◆ **Task goal**:
In the copy, keep every word of the data below and none of its pictures.

━━━━━ Provided material ━━━━━

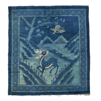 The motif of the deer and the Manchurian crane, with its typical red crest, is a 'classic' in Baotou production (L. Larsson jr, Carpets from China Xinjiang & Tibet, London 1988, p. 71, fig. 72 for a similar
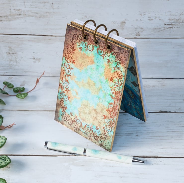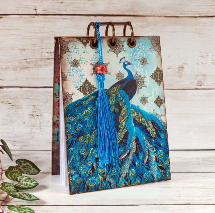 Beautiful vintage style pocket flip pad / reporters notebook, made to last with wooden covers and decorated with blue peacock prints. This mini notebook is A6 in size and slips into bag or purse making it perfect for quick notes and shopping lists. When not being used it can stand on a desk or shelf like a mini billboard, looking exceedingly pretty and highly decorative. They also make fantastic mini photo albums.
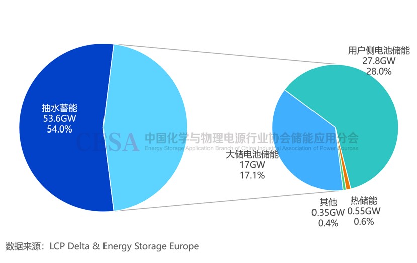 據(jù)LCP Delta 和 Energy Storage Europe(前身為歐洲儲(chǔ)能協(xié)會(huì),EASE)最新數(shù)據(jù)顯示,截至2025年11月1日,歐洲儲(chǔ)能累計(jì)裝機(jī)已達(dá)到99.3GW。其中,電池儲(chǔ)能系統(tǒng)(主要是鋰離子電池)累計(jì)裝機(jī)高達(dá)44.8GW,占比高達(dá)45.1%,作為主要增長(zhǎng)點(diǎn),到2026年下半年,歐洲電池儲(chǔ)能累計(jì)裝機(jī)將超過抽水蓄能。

━━━━━

◆ **Exercise output**:
 The motif of the deer and the Manchurian crane, with its typical red crest, is a 'classic' in Baotou production (L. Larsson jr, Carpets from China Xinjiang & Tibet, London 1988, p. 71, fig. 72 for a similar
 Beautiful vintage style pocket flip pad / reporters notebook, made to last with wooden covers and decorated with blue peacock prints. This mini notebook is A6 in size and slips into bag or purse making it perfect for quick notes and shopping lists. When not being used it can stand on a desk or shelf like a mini billboard, looking exceedingly pretty and highly decorative. They also make fantastic mini photo albums.
 據(jù)LCP Delta 和 Energy Storage Europe(前身為歐洲儲(chǔ)能協(xié)會(huì),EASE)最新數(shù)據(jù)顯示,截至2025年11月1日,歐洲儲(chǔ)能累計(jì)裝機(jī)已達(dá)到99.3GW。其中,電池儲(chǔ)能系統(tǒng)(主要是鋰離子電池)累計(jì)裝機(jī)高達(dá)44.8GW,占比高達(dá)45.1%,作為主要增長(zhǎng)點(diǎn),到2026年下半年,歐洲電池儲(chǔ)能累計(jì)裝機(jī)將超過抽水蓄能。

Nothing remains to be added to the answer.